My dad sat down diagonally from me and took one of my hands in both of his. His hands were warm and enveloped mine.

“Rory, listen, I understand why you’re upset,” he said patiently, looking me in the eye. I blinked and stared down at our hands, unaccustomed to this kind of contact, this kind of gentle treatment. “You’ve just been through a horrifying experience. Remember after your mom died? Those flashes you used to have? Maybe this is something like that. Maybe it’s just another manifestation of post-traumatic stress.”

He reached out and tucked my hair behind my ear, just like he used to do when I was little and I’d skinned my knee or fallen out of bed. I clenched my hands until my fingernails cut into the flesh of my palm. Little did he know I was having flashes and that these other things I was seeing, hearing, feeling, experiencing had nothing in common with those. But now didn’t seem like the time to bring up my little disconnects from reality. It would only prove his point—that I was losing it.

“Why don’t you go down to the beach with Darcy and try to relax?” he suggested.

My mouth was completely dry, my heart working overtime. As I sat there, my hand inside my father’s hands, I’d never felt so alone, so utterly baffled, so scared.

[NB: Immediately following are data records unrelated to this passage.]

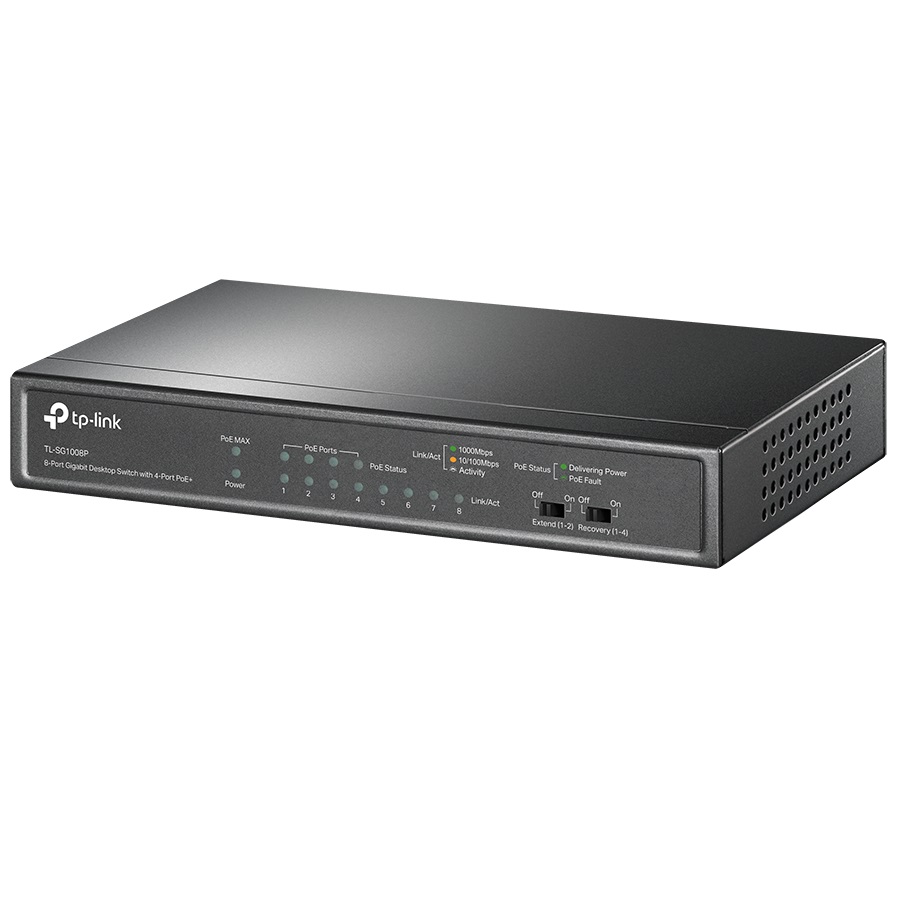 TP-LINK TL-SG1008P PoE+ 8 PORT 10/100/1000Mbps 4-PORT POE SWITCH 64W > 8 x 10/100/1000Mbps RJ45 ports > 4 x POE+ ports > Έως 30W ισχύς ανά θύρα > Έως 64W συνολική ισχύς > Λειτουργία extend για αποστάσεις έως 250m > Τροφοδοσία: 53.5VDC / 1.31A >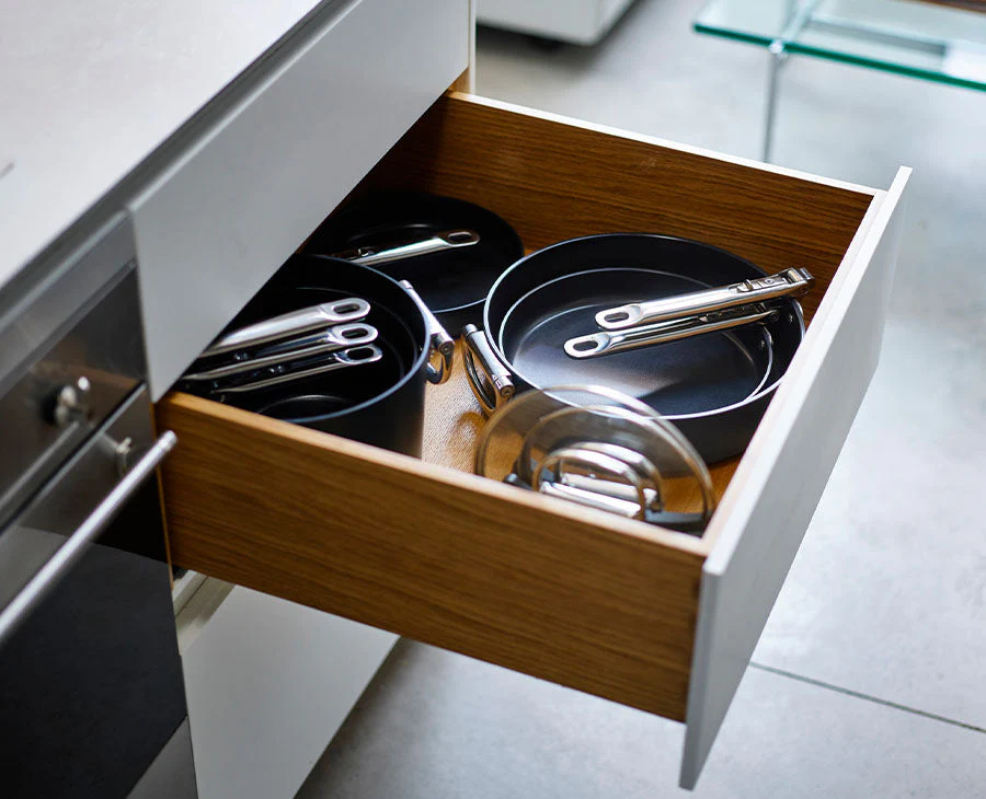 - Saves up to 50% more space than standard pans.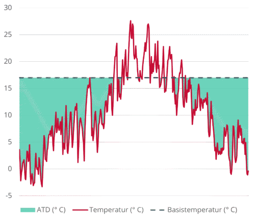 Die sogenannte Akkumulierte Temperaturdifferenz ATD (SIA 380:2022; Anhang F) gibt an, wie stark und wie lange in einer Periode geheizt werden musste. Dafür wird die Differenz zwischen der Basistemperatur und den tatsächlichen täglichen Aussentemperaturen berechnet. Positive Differenzen werden aufsummiert – je grösser die Summe, desto mehr Heizbedarf bestand in der jeweiligen Berichtsperiode.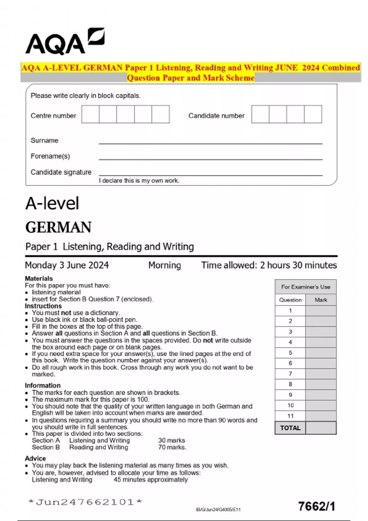 AQA A-LEVEL GERMAN Paper 1 Listening, Reading and Writing JUNE 2024 Combined Question Paper and Mark Scheme

He didn’t believe me. He was never going to believe me. But I knew Steven Nell was out there, and it was only a matter of time before he struck.

I woke up with a start in the middle of the night, certain the sound of breaking glass had interrupted my sleep. Heart in my throat, I whipped the sheets aside and crept downstairs. The fog was thick outside every window, and all I could hear was that incessant hissing as the wet mist crept along the shingles, the rooftop, the windowpanes.

I paused outside the door to Darcy’s room, my pulse pounding in my ears, and pushed it open. Her bed was empty.

“Dad?” I called. I crossed the hall and shoved his door open. There was no one there.